### Collected data
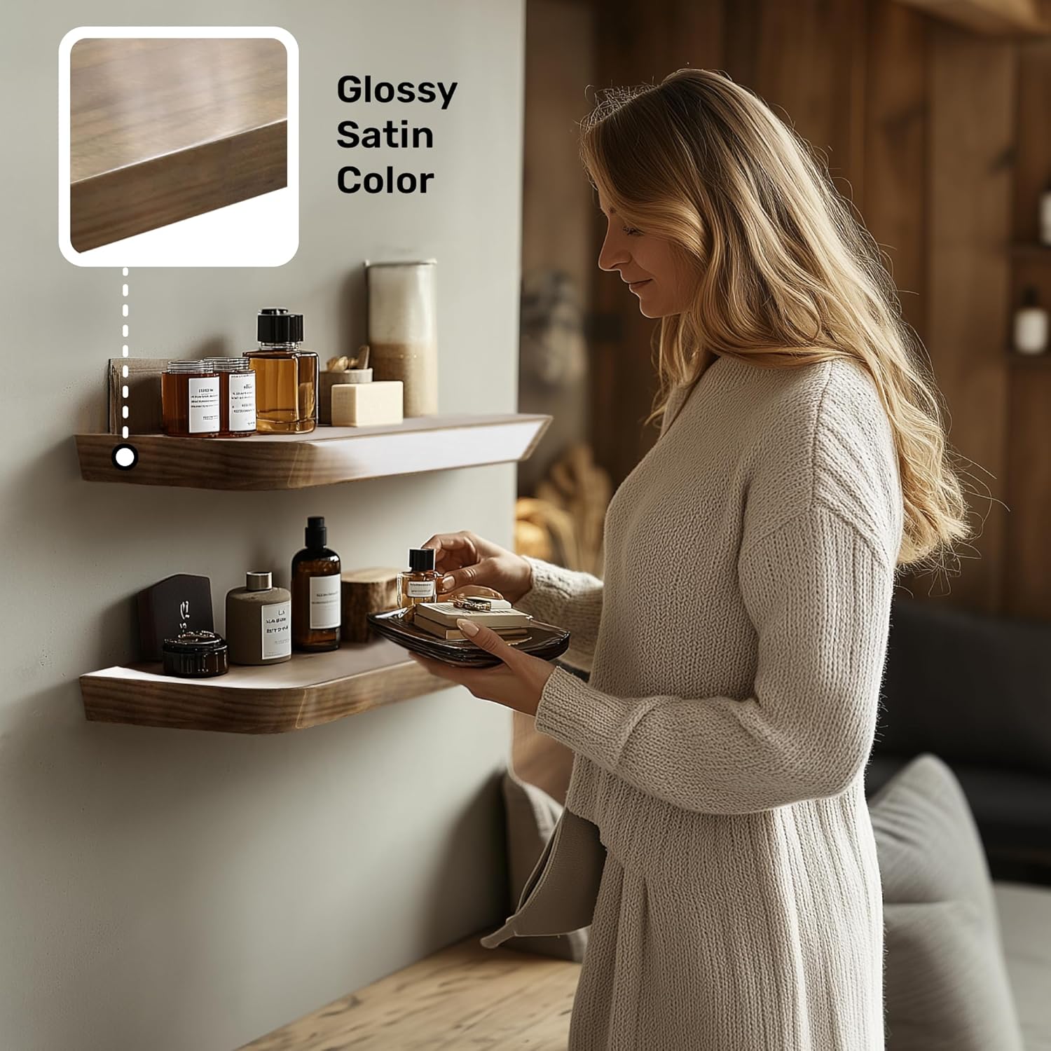 Whether styled in a minimalist, industrial, or rustic home, these real wood floating shelves bring functional elegance to any wall. Their sleek design and sturdy construction make them an essential decor upgrade for any space.
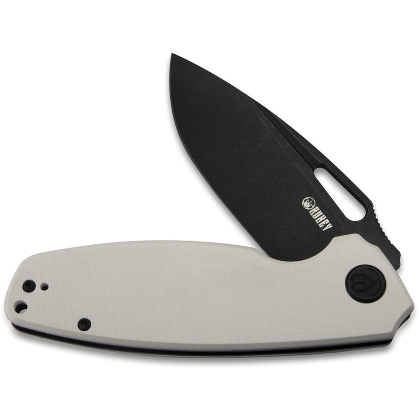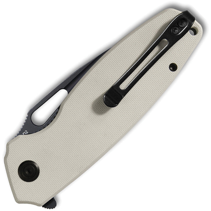 4.75" (12.07cm) closed. 3.38" (8.59cm) black stonewash finish D2 tool steel blade. Ivory G10 handle. Extended tang. Thumb pull. Pocket clip. Boxed.
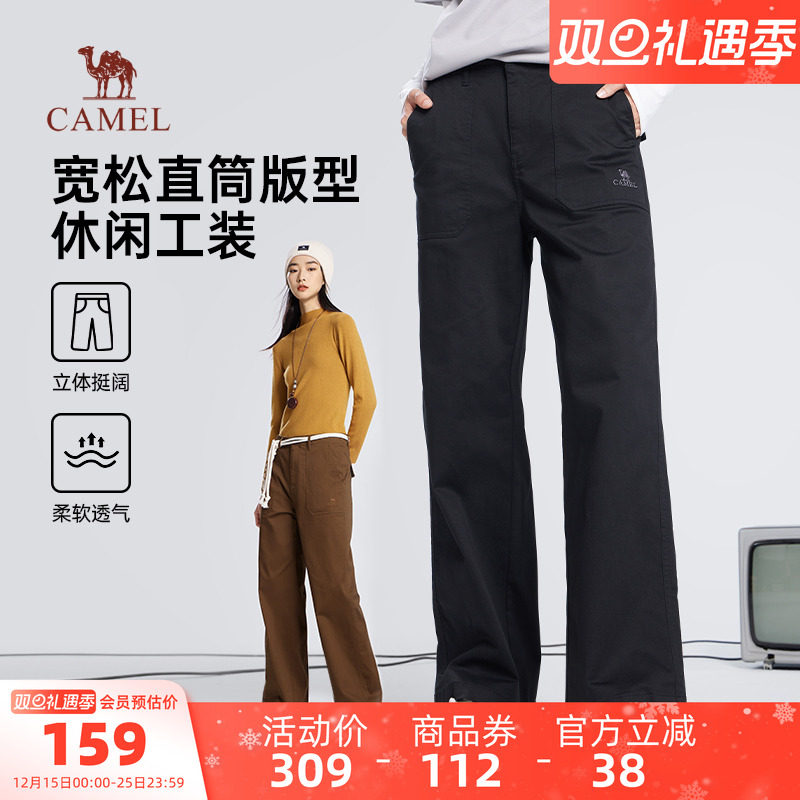 骆驼运动工装裤女休闲运动长裤子2025春秋季户外运动裤宽松阔腿裤

### Description of the task
Set down word for word each line from the one containing "Pocket clip. Boxed." through the end of the material, and keep the pictures out of it.

### Result of this exercise
 4.75" (12.07cm) closed. 3.38" (8.59cm) black stonewash finish D2 tool steel blade. Ivory G10 handle. Extended tang. Thumb pull. Pocket clip. Boxed.
 骆驼运动工装裤女休闲运动长裤子2025春秋季户外运动裤宽松阔腿裤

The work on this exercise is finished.